In a brief but spectacular racing career, Stanley beat twenty-two other robot vehicles for the $2 million prize in the Grand Challenge, held in October 2005 on a demanding 132-mile desert course near Las Vegas, Nevada. The goal of the race, sponsored by the Defense Advanced Research Projects Agency (DARPA), was to stimulate invention for a future fleet of driverless military ground vehicles. Congress funded the competition to support its directive that one-third of U.S. military ground vehicles be unmanned by 2015.

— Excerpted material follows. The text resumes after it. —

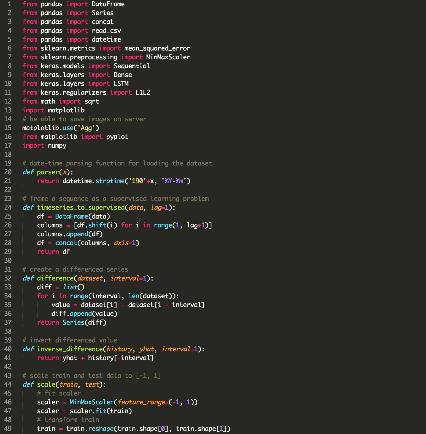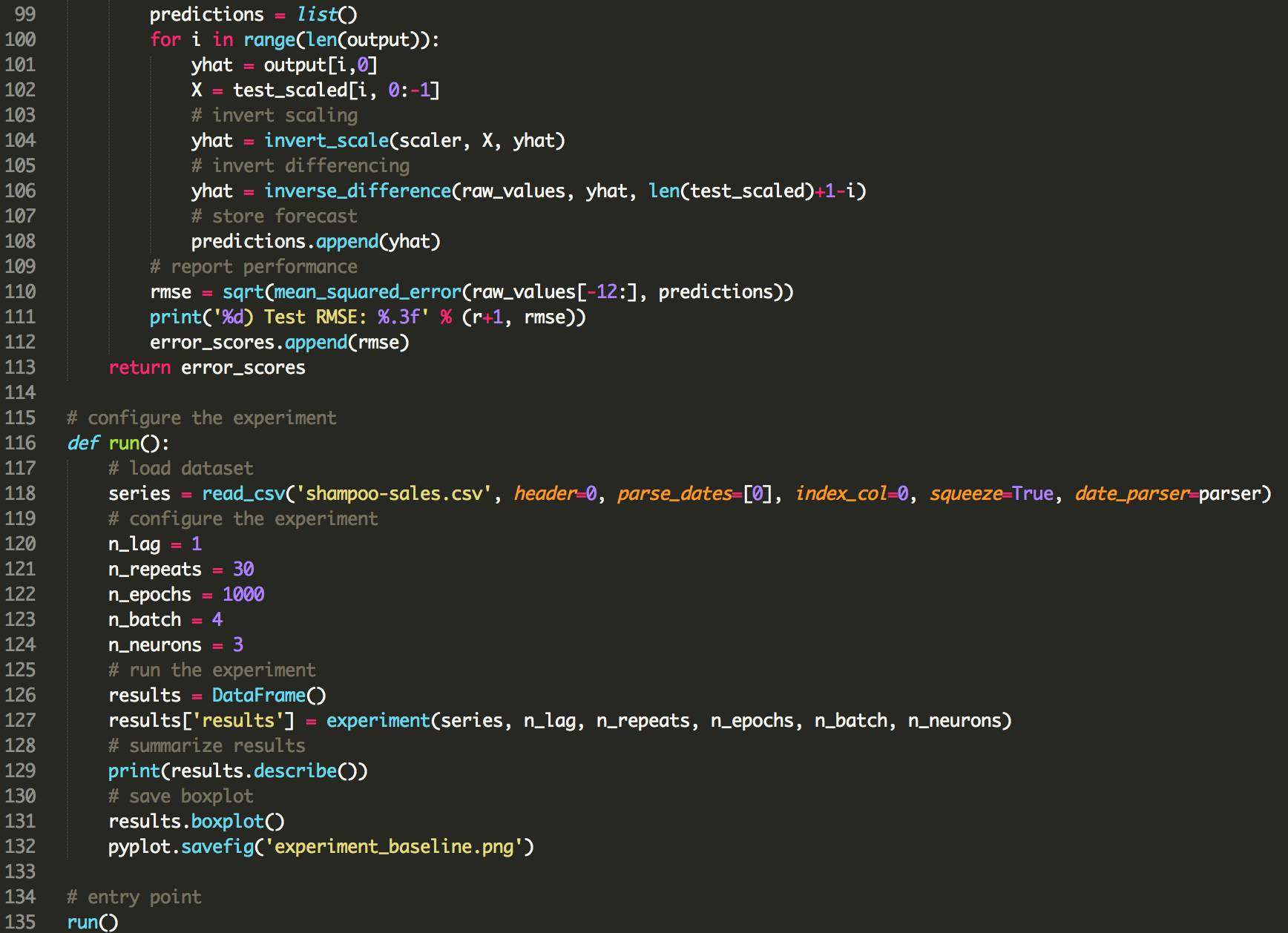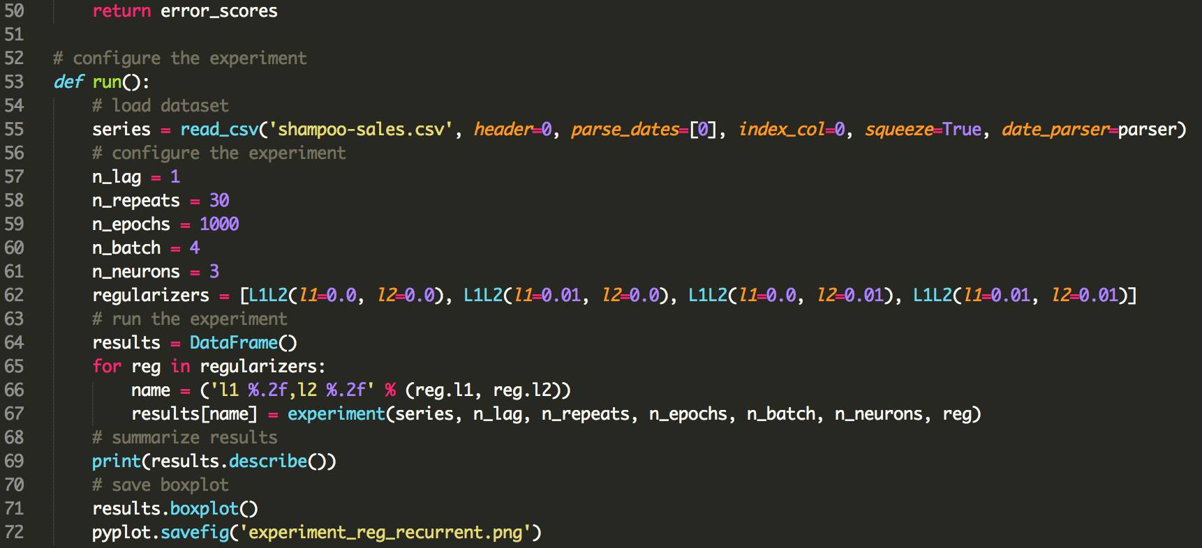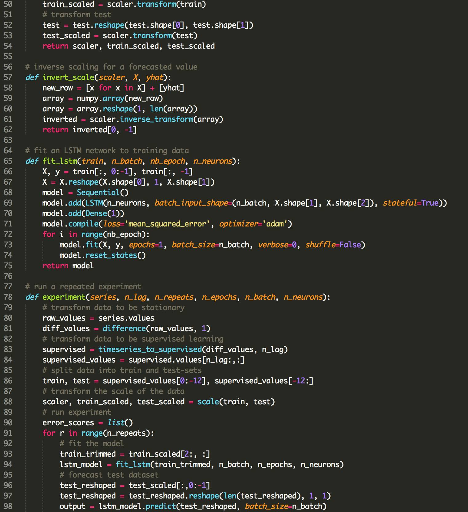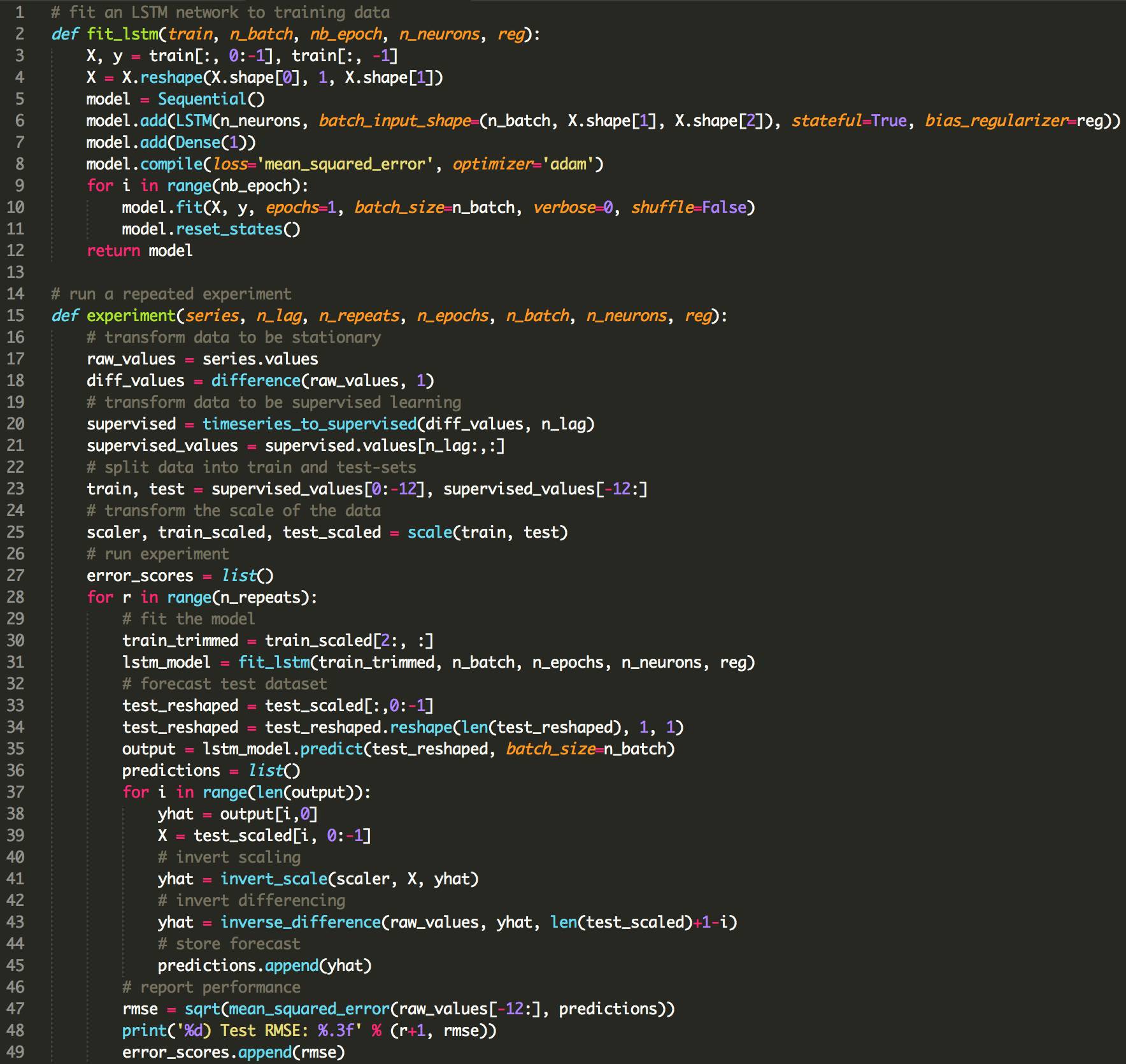 下面列出了使用LSTMs使用偏倚正则化的更新的fit_lstm(),experiment()和run()函数。

Stanley represents a promising research direction in artificial intelligence, or machine thinking. Through sophisticated programs in onboard computers, the vehicle decides how to navigate mapped terrain and unmapped obstacles in real time. It integrates a course map expressed in about 3,000 points of latitude and longitude, stored memory of past experiences, and new information about the road ahead gathered from roof-mounted laser sensors, video cameras, radar and GPS receivers.
Behind Stanley’s driverless accomplishment is the work of nearly 100 people at Stanford University and Volkswagen’s Electronics Research Laboratory (ERL), both in Palo Alto, California.
DARPA’s Grand Challenge of 2005 pitted autonomous vehicles against each other and a ten-hour limit on a punishing dirt course with steep cliffs, sharp turns, and countless obstacles. Only Stanley and four other competitors finished the course. The race’s experimental robots—all sponsored by businesses, universities and individuals—emerged from research for military purposes and demonstrated the feasibility of self-navigating vehicles.
Like the impact of integrated circuits, the Internet, and other technologies with strong military connections, the impact of the robot race is likely to be felt in other areas of American life, especially automotive safety.